Dog Behavior, Explained
There really are reasons behind your pet’s weirdness.
Our dogs do a variety of strange things, from walking in a circle three times before they lie down to running a special pattern before eating. However, believe it or not, there are often some very legitimate reasons for them to do these things. Here a few of these behaviors and the reasons behind them.
Why Does My Dog Press His Head into the Wall?
Recently, there was a “wall-staring” meme that started on YouTube, where people posted photos and videos of their dogs and cats sat staring at a wall—or pressing their head against it—for extended periods of time. If your pets do this, you should consider it an emergency situation and get them into the vet. Known as “head pressing,” it is an indication of neurological damage. Causes of head pressing can include tumors, liver shunt, stroke, encephalitis, hepatic disease, prosencephalon disease and even toxic poisoning. Take this behavior very seriously.

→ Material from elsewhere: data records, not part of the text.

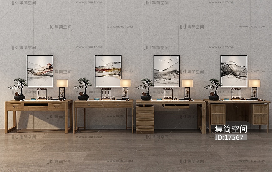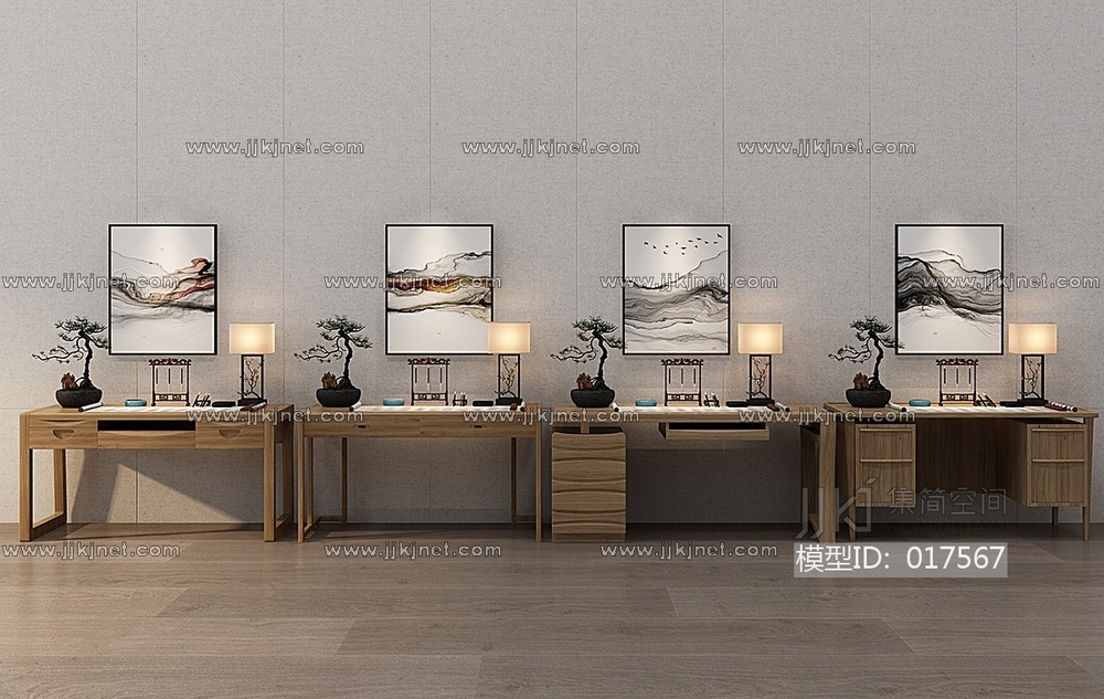 Z04-0107新中式书桌写字台 3d模型下载 [模型ID:17567]
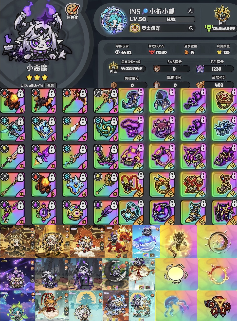 圖二帳號:金珠52顆、修復石8顆、火卡3張、雪卡2張、復活石500+以上、元素石各100+以上
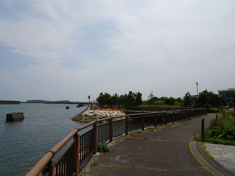 海に面している公園です。ふぃしゅーな側に駐車場がありますが、こちらは10台程度しか止められないです。道を挟んだところに空き地、施設の駐車場を利用することになります。
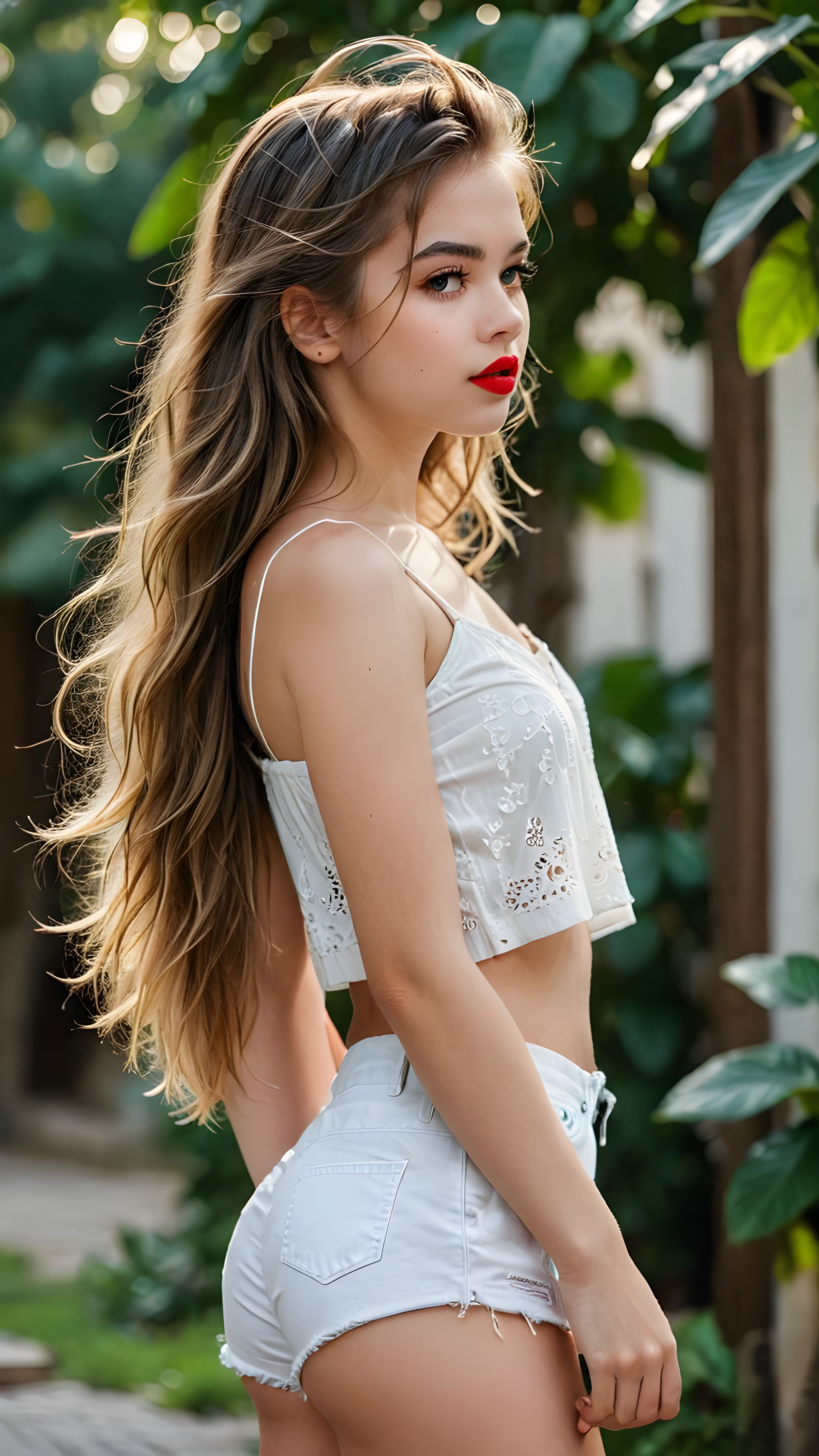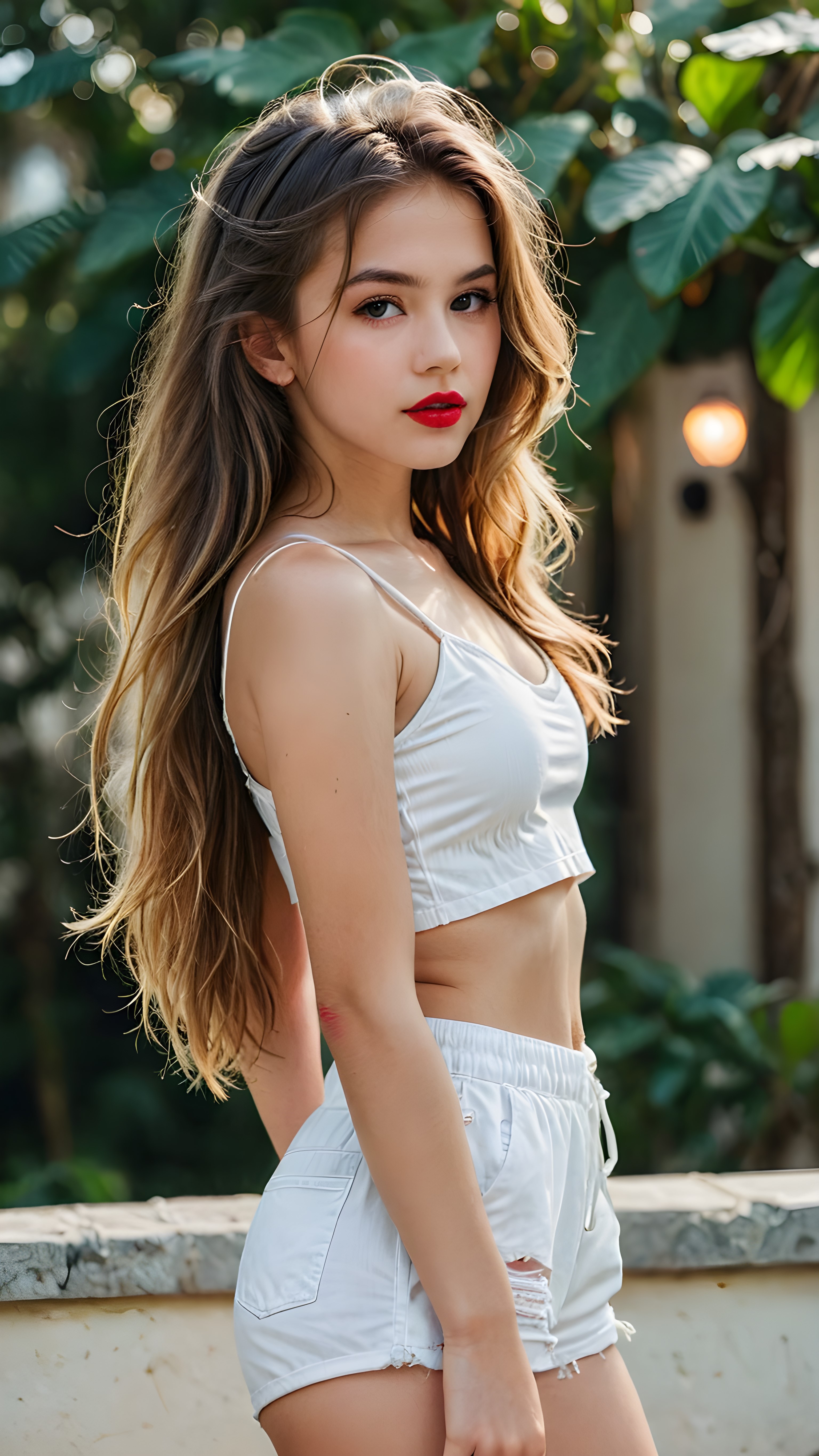 a very beautiful and detailed photo of a cute, pretty, stunning, girl model, 14 years old, ((very long and messy hair)), ((white crop top)), ((shorts)), ((red lipstick)), ((beautiful face)), ((soft body)), (((side view)))
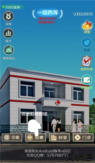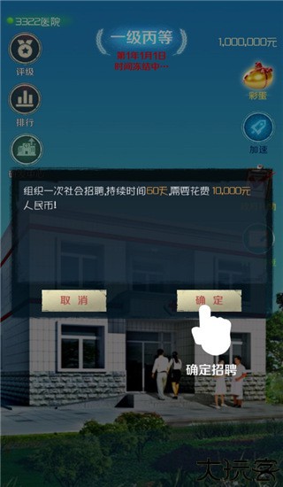 5、每年的12月20号只要达成一定的条件即可进行医院评级,从一级丙开始,到乙、甲不断的提升,只要满足相应的条件就会在这一天进行医院等级提升。
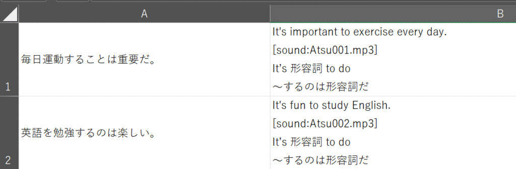 最後に音声ファイルをAnkiアプリに登録するため、CSVファイルを加工しました。こんな感じ↓
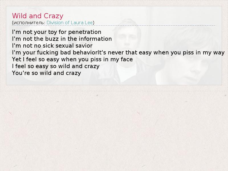 I'm not your toy for penetration I'm not the buzz in the information I'm not no sick sexual savior I'm your fucking bad behaviorIt's never that easy when you piss in my way Yet I feel so easy when you piss in my face I feel so easy so wild and crazy You're so wild and crazy
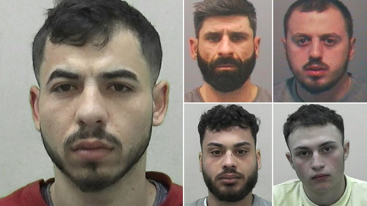 Codrin Dura, de 27 años, Leonard Paun, de 24, Stefan Ciuraru, de 23, Bogdan Gugiuman, de 44, y Klaudio Aleksiu, de 28, todos rumanos o albaneses, fueron condenados por delitos sexuales graves contra un total de seis adolescentes.

Why Does My Dog Run in His Sleep?
You see your dog running in your sleep and wonder what he’s dreaming about. The truth is, he might have a sleep disorder. REM sleep disorder occurs when the brain signals the large muscle groups in the body to move. Usually this is harmless, but if you’re really concerned because your dog has begun injuring himself (such as suddenly standing up and running into a wall), it’s time to see a veterinarian. They can provide medications that will help control the disorder.
Why is My Dog Crying?
Dogs sometimes start “chuffing” and make a snorting or choking sound, they might even appear to be crying. The phenomenon is known as paroxysmal respiration. It sounds awful, but it’s really a reaction to several different factors, including eating too fast or reacting to an irritant in the air. If it happens often, you’ll want to see a veterinarian.
Why Does My Dog Roll in Dead Things?
There isn’t a dog alive who wouldn’t choose to roll in stinky stuff if given half a chance. There are many theories as to why dogs do this. Some people believe the dogs are “disguising” their own scents—an instinct leftover from the days when dogs were actual hunters. Some believe it indicates a dog doesn’t like the way he smells (especially right after a bath). I subscribe to the theory that they are showing other dogs where they have been that day (similar to a child running up to you and saying, “Look what I found!”). Still, others believe their pets just really like the smell. The real reason? Only our dogs know for sure.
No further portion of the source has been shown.